In der Natur erlauschen wir seit je die zauberhaftesten Klänge. Wie aber klingen die Städte, welche Geschichten erzählt ihr Sound? – Drei Komponisten haben neue Werke über urbane Erfahrungen und Visionen geschrieben. In zwei von ihnen gehen Musik und Film Hand in Hand. In der Supernova am 1. Oktober werden sie uraufgeführt.

Hauke Berheides „Windy City“ ist eine Liebeserklärung. Keine Hymne, keine verehrende Feier. Eher ein leidenschaftliches Porträt einer Stadt in Kenntnis auch der Untiefen, die ihrem Zauber innewohnen. Berheide hat lange in Chicago gelebt, dort gearbeitet und die Regisseurin Amy Stebbins kennengelernt, seine jetzige Lebensgefährtin. Zusammen haben sie „Windy City – Silent Movie and Loud Music“ entwickelt: Ein 18-minütiges Werk für Kammerorchester, Geräuschinstrumente und Stummfilmprojektion. Der Film fängt Chicago als Stadt voller Extremzustände ein. Da ist allein schon das Klima: Mal knochentrocken, mal sumpfig brütend, bitterkalt und stechend heiß, im Durchzug zwischen Lake Michigan und den Great Plains immer auf der Hut vor Tornados. Das Wetter wechselt in hoher Frequenz, und der permanente Kampf mit den Elementen scheint sich im sozialen Klima der Metropole zu spiegeln. Große Freundlich- und Herzlichkeit auf der einen, beängstigende Mordraten besonders bei Hitze auf der anderen Seite. Dies alles steckt in den Menschen und will raus: Kein Wunder, dass die Künste in dieser Stadt seit je einen starken Nährboden finden. Ziemlich genau 100 Jahre ist es her, dass Louis Armstrong hier sein erstes Solo auf dem Cornet blies …

Die Stadt, wie Amy Stebbins und Hauke Berheide sie erlebt haben, gibt Form und Rhythmus der Bilder und der Musik vor.
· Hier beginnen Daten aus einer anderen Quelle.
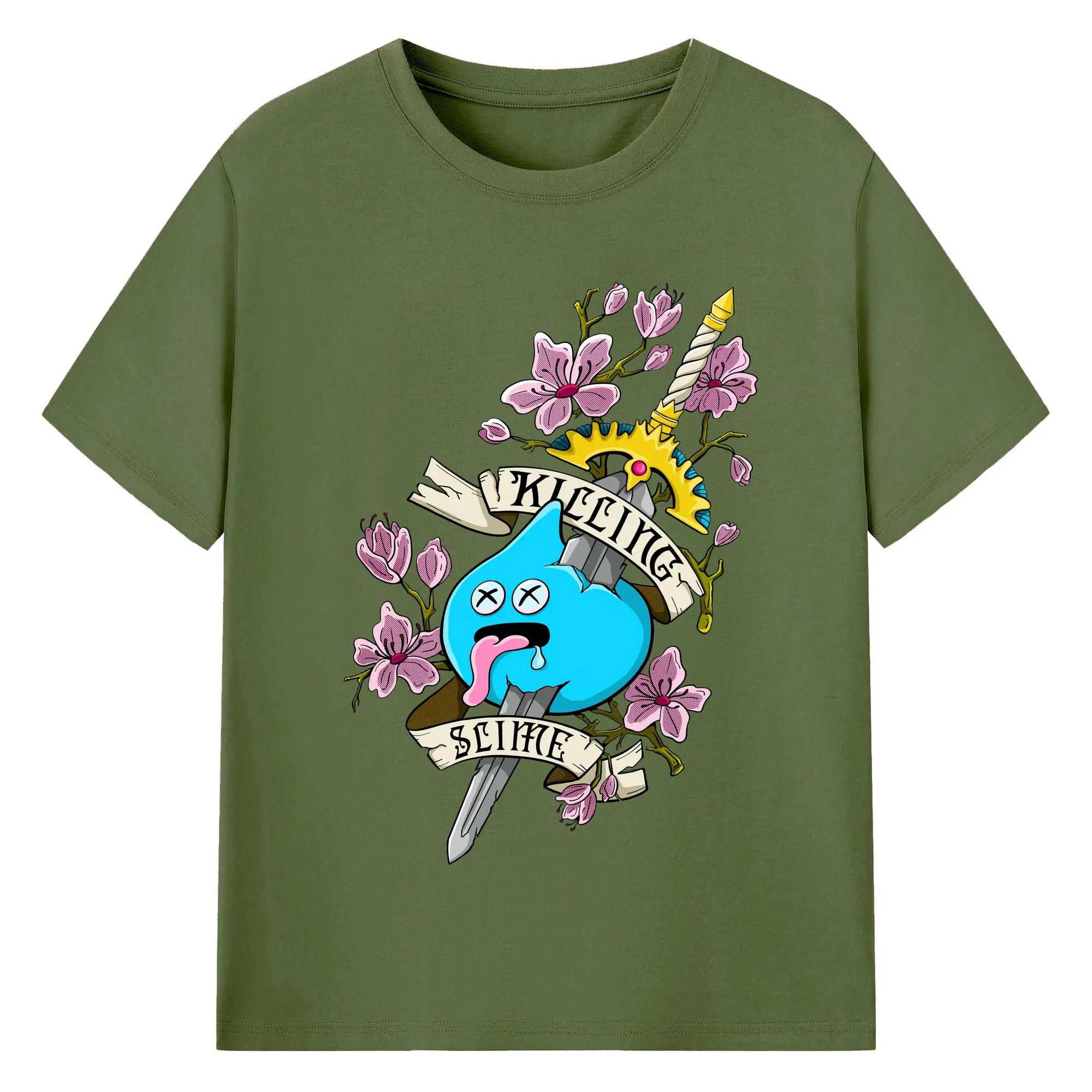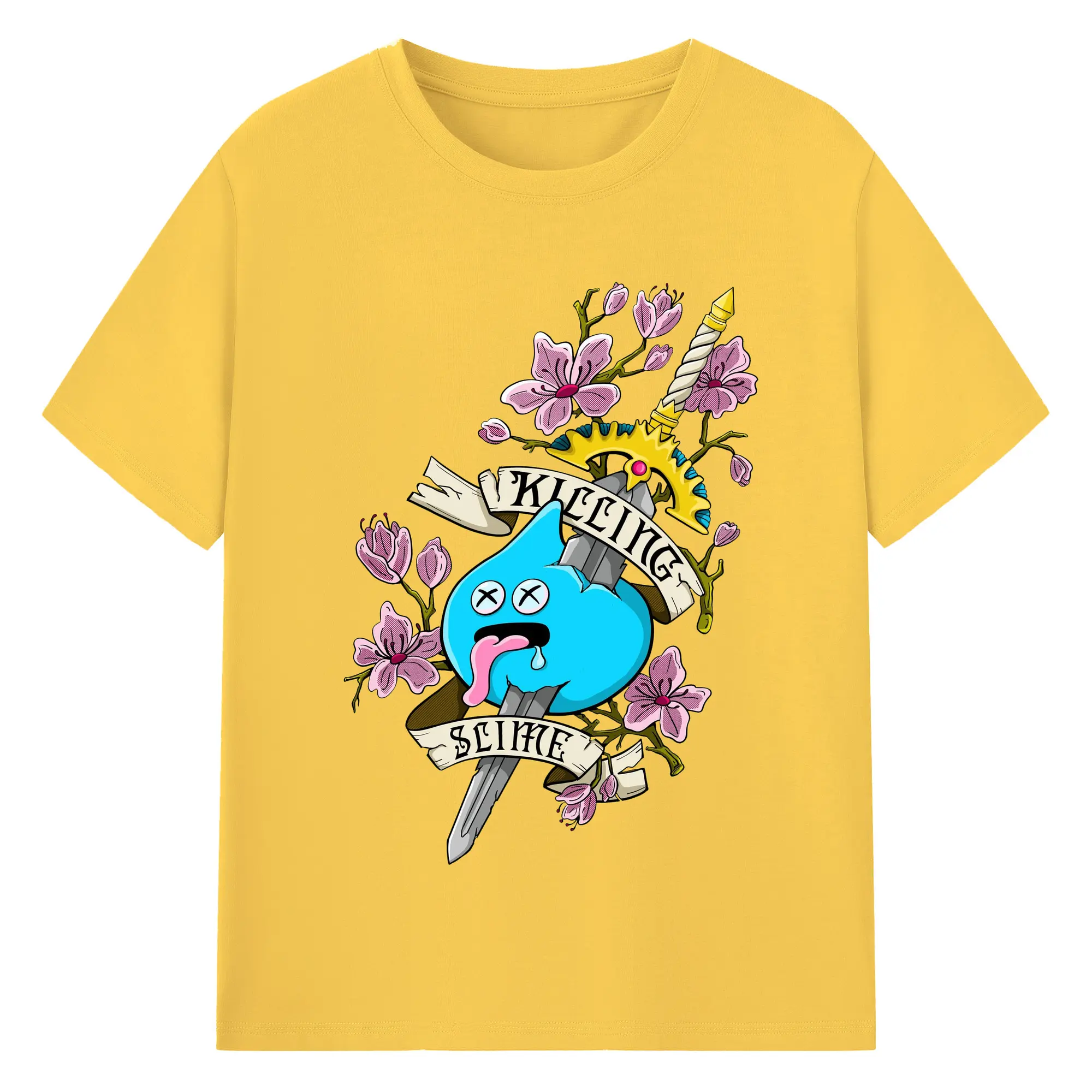 ドラゴンクエストスライム - 綿100% 半袖Tシャツ ・ フロントプリント ・ 快適 通気性 ・ 日常使い 散歩 スポーツ用
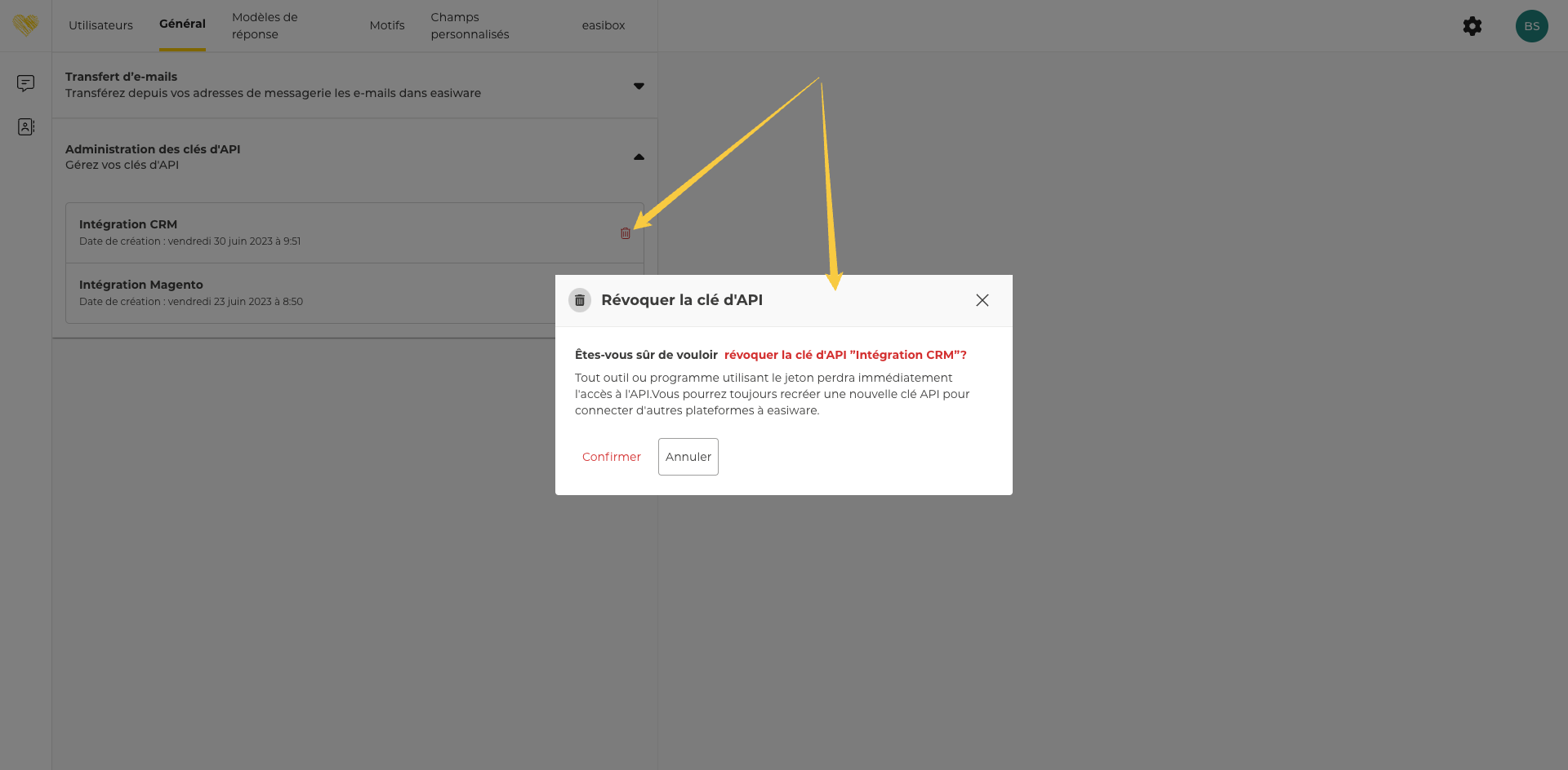 Afin de supprimer une clé d’API, il suffit de cliquer sur le bouton d’action dédié. L’administrateur sera invité à confirmer son action.
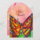 INVITATION PAPILLON ROUGE DANS FUCHSIA ROSE PAILLETES D'OR
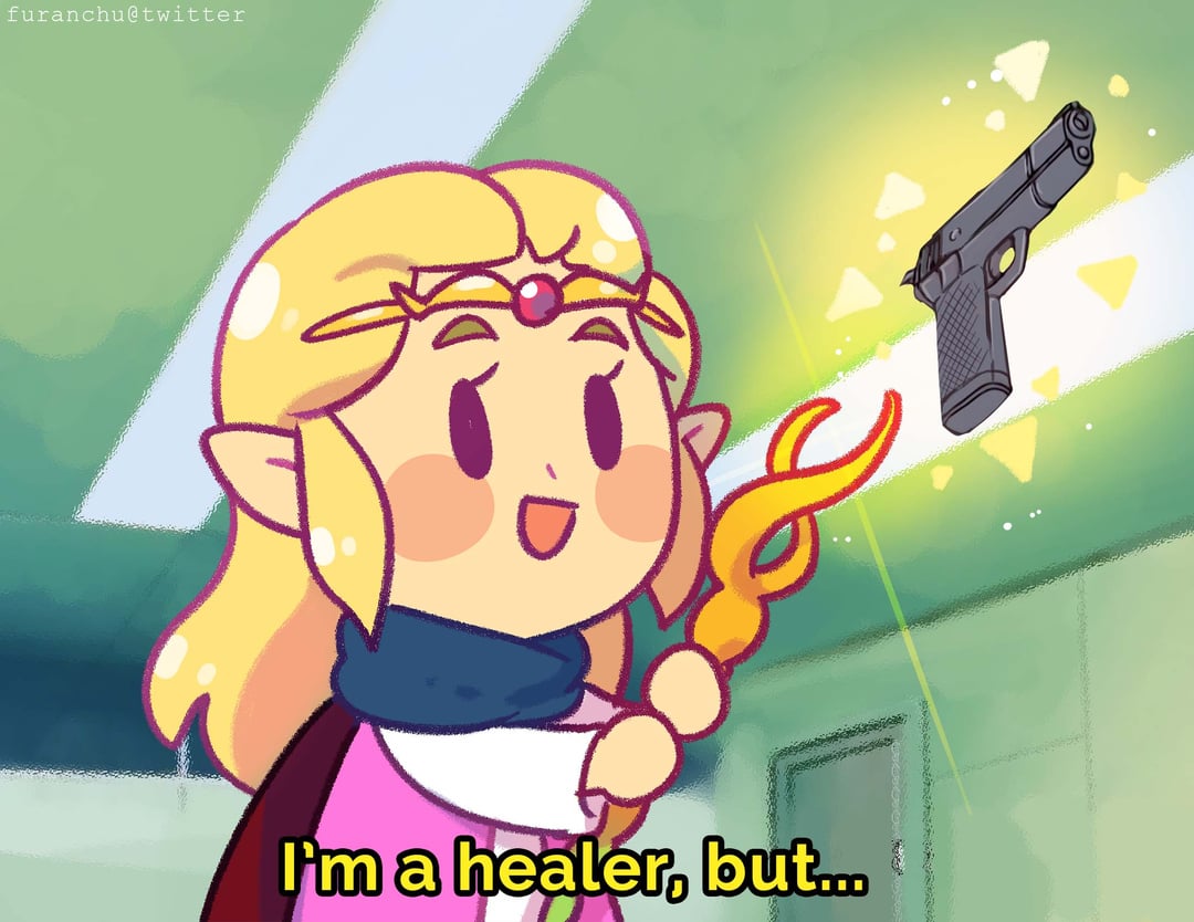 Furanchu and Greeg had the same idea of Zelda from Echoes of Wisdom using the Triforce of Wisdom to use guns against the enemies Posted by CapAccomplished8072

Filmschnitt und Komposition im permanenten Austausch: mal ist der eine impulsgebend, mal der andere. „Windy City“ ist ein Porträt, aber auch eine Vision: Wie wird ein solch lebensgesättigter Ort nach der Zivilisation aussehen? Wird sie zum „Waste Land“?

Hochhaus in Chicago

Wie für Hauke Berheide war auch für Ulrich Kreppein Düsseldorf der Ausgangspunkt einer erfolgreichen internationalen Karriere. Sein neues Stück „Reigen“ trägt den Untertitel „Urbane Klangräume Nr. 2“, und der ist sehr wörtlich zu nehmen: Für die Komposition hat Ulrich Kreppein in verschiedenen Städten akustische Momentaufnahmen gemacht – wie ein durch die Stadt flanierender Tourist, der statt einer Kamera ein Mikrofon auf Dinge und Szenen richtet, die er als einzig- oder eigenartig, bewegend oder verstörend empfindet. Entstanden ist ein Sound-Archiv, in dem reale Klänge, aber auch die Empfindungen gespeichert sind, die den „akustischen Fotografen“ dazu gebracht haben, das Mikrofon zu öffnen. Einige Klänge werden in diesem „Reigen“ direkt eingespielt, Ulrich Kreppein hat sie aber auch analysiert und strukturell in seine Komposition einfließen lassen. „Reigen“ ist weniger ein akustischer Reiseführer als ein persönliches Tagebuch in Klängen. Vielleicht auch eine Zustandsbeschreibung gegenwärtiger Lebensräume, als die man Alban Bergs gleichnamigen Satz aus seinen legendären drei Orchesterstücken op. 6 sicher hören kann …

stadtbild_combier

Für „Nowhere Cities“ war Jérôme Combier für Tonaufnahmen in sieben europäischen Städten unterwegs: Paris, London, Venedig, Lissabon, Kopenhagen, Amsterdam und Berlin. In jeder von ihnen wird eine andere Sprache gesprochen, die ihr Klima, ihr Charisma bestimmt. Aber alle haben eines gemeinsam: „Jede Stadt ist eine ebenso verführerische wie schreckliche Falle“ (Combier).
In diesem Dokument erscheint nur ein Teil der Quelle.